Quando comecei a correr, ficava fascinado com os relatos que me chegavam das primeiras edições dos “Abutres”. Apesar da atracção que sentia pela prova, pelo que via em fotos ou vídeo e ouvia de viva voz dos participantes, nunca tive disponibilidade para participar na mesma.
Contudo, este ano, quase por milagre, consegui uma inscrição e arrisquei à distância mais longa. “Ah e tal… quem faz a Freita faz os Abutres!” e lá fui eu, achando que, mais coisa menos coisa, a prova chegava ao fim, sendo este o meu primeiro grande objectivo de 2016 (daqueles objectivos que não conto a ninguém, ou quase ninguém, e só revelo no fim do ano).

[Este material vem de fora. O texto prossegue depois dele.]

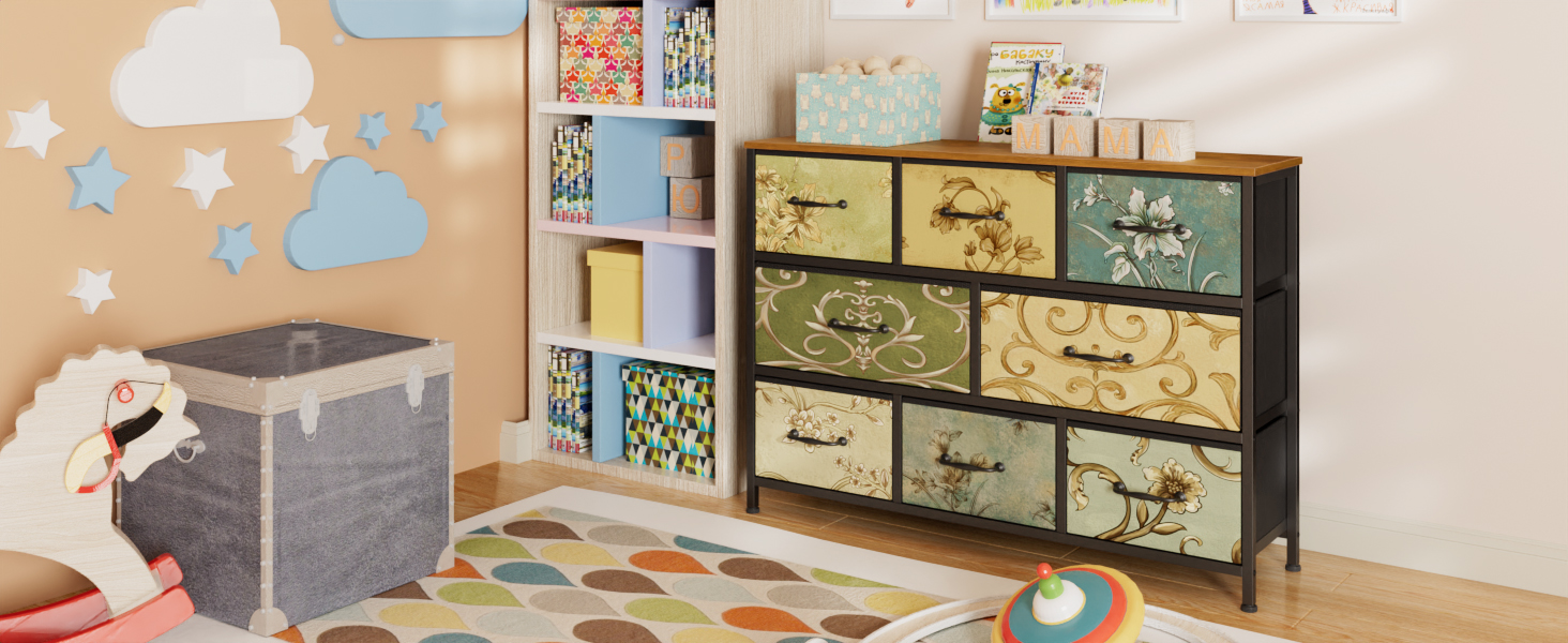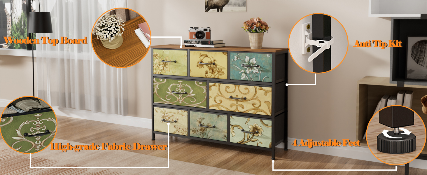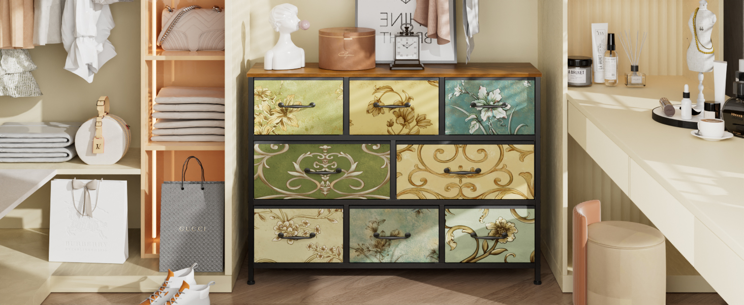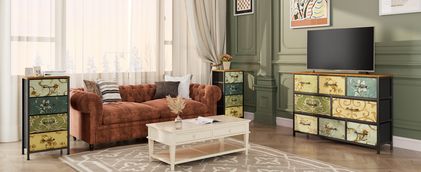 Furnulem dresser with unique floral pattern and color blocking designs can be an accent for modern spaces and also create a new style, producing a special sense of harmony in the collision of classical and modern. It will also add some elegance and charm to your room.

A irrepreensível organização colocou duas barreiras horárias: uma aos 29km (6 horas), outra aos 42km (9 horas).
Cedo, a primeira barreira horárias tornou-se, para mim, barreira psicológica. A partir do primeiro abastecimento, onde vi as primeiras desistências, sentia o relógio avançar mais do que as pernas. As subidas eram íngremes e as descidas muito técnicas, sendo poucos os troços onde se podia, verdadeiramente, correr.
Apercebi-me nessa fase que os Abutres não são para qualquer um e que esta prova não era para mim. A exigência do traçado requer treino e uma preparação cuidadosa, algo que não tem abundado por estes lados.

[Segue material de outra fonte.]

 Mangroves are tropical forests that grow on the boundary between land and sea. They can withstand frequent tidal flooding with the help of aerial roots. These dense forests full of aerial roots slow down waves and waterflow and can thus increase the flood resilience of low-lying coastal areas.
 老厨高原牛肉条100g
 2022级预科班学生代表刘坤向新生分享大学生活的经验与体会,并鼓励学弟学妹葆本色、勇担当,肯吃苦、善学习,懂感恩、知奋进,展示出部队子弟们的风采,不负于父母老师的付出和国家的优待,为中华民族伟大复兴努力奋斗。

Comecei a sentir que iria ficar retido na primeira barreira e a desanimar bastante. Sabia de antemão que ia ser difícil chegar ao fim, mas fazer pouco mais que meia prova era pouco…
Apesar de triste e derrotado, decidi que, pelo menos, ia tentar, nem que fosse por um minuto, passar a malfadada barreira.
E às 5h52 de prova, 8 minutos antes do barramento, eu passei! Senti-me como se tivesse ganho a corrida. Comi duas sopas, aproveitei para descansar e arranquei do posto de abastecimento com os vassouras atrás de mim.
A partir daqui foi gerir o tempo e o esforço até à barreira seguinte, mais acessível e à qual cheguei confortavelmente (com meia hora de antecipação).
Anoiteceu e, quando eu pensava que já não havia mais nada que me fizesse soltar palavrões e mal dizer a minha vida, aparece um kilometro de lama, lama e mais lama. A sério? Eu já tinha ouvido falar da lama dos Abutres e até já apanhei muita lama nos trails, mas aquilo era de mais. Cheguei a estar enterrado na lama até aos joelhos sem me conseguir mexer.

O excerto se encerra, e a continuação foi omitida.